DATA FOR THIS EXERCISE Block Start

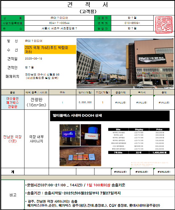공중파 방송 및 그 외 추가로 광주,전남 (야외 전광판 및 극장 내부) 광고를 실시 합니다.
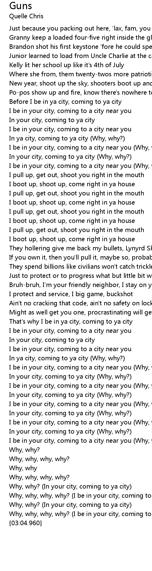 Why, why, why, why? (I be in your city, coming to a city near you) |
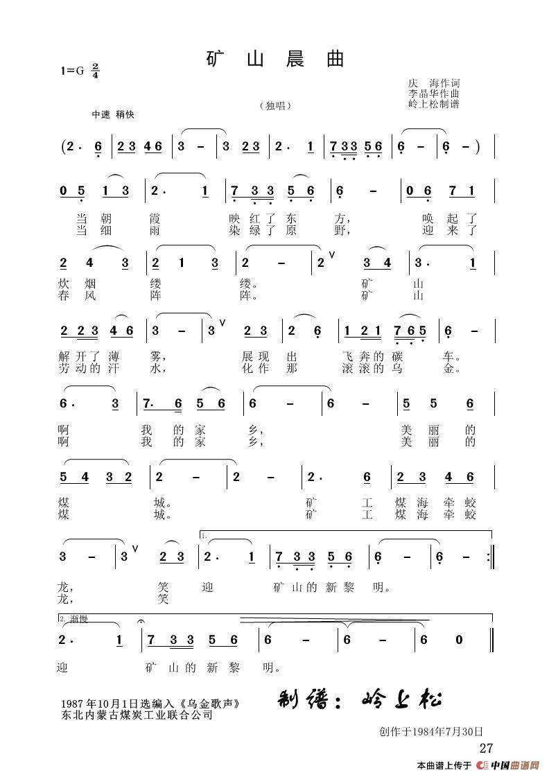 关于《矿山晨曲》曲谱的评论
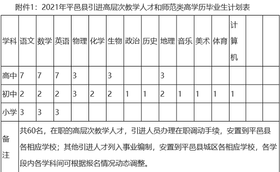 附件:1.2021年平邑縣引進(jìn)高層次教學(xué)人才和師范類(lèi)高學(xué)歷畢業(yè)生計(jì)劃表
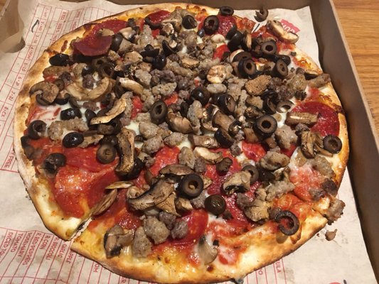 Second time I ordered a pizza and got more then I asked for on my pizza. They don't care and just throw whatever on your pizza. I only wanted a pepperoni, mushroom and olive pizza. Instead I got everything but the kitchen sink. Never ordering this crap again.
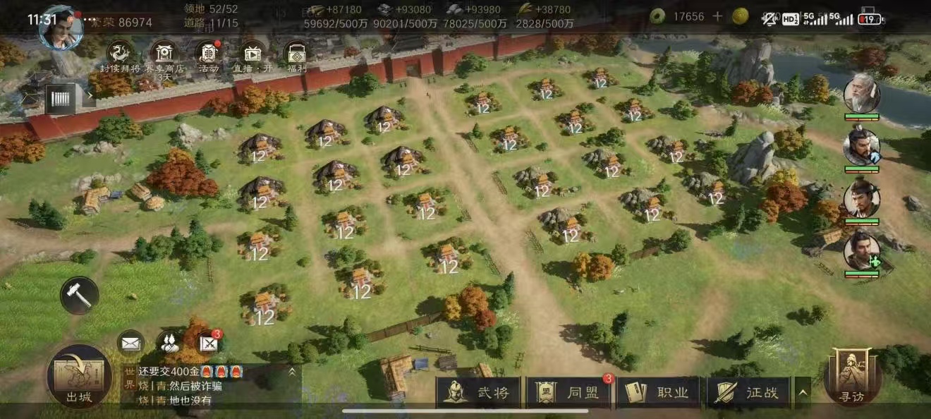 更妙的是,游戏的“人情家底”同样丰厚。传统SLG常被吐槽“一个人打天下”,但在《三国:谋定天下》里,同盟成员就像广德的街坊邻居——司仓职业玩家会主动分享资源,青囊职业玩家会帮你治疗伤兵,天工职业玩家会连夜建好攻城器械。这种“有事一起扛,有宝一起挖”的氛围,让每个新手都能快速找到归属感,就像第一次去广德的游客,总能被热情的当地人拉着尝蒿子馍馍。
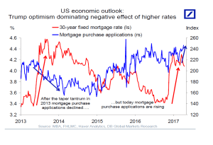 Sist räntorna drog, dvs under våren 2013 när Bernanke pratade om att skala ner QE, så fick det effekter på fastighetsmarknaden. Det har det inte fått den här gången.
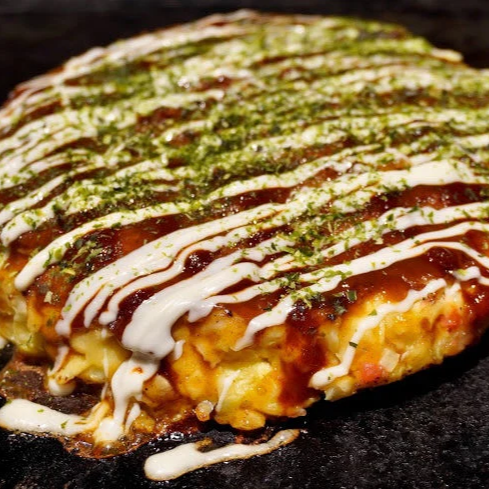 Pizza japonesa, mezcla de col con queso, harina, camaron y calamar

DATA FOR THIS EXERCISE Block End

### ASSIGNMENT
The answer must be an exact copy of the lines from the one containing "附件:1.2021年平邑縣引" through the last line of the records, with no pictures included.

### WORKED SOLUTION
 附件:1.2021年平邑縣引進(jìn)高層次教學(xué)人才和師范類(lèi)高學(xué)歷畢業(yè)生計(jì)劃表
 Second time I ordered a pizza and got more then I asked for on my pizza. They don't care and just throw whatever on your pizza. I only wanted a pepperoni, mushroom and olive pizza. Instead I got everything but the kitchen sink. Never ordering this crap again.
 更妙的是,游戏的“人情家底”同样丰厚。传统SLG常被吐槽“一个人打天下”,但在《三国:谋定天下》里,同盟成员就像广德的街坊邻居——司仓职业玩家会主动分享资源,青囊职业玩家会帮你治疗伤兵,天工职业玩家会连夜建好攻城器械。这种“有事一起扛,有宝一起挖”的氛围,让每个新手都能快速找到归属感,就像第一次去广德的游客,总能被热情的当地人拉着尝蒿子馍馍。
 Sist räntorna drog, dvs under våren 2013 när Bernanke pratade om att skala ner QE, så fick det effekter på fastighetsmarknaden. Det har det inte fått den här gången.
 Pizza japonesa, mezcla de col con queso, harina, camaron y calamar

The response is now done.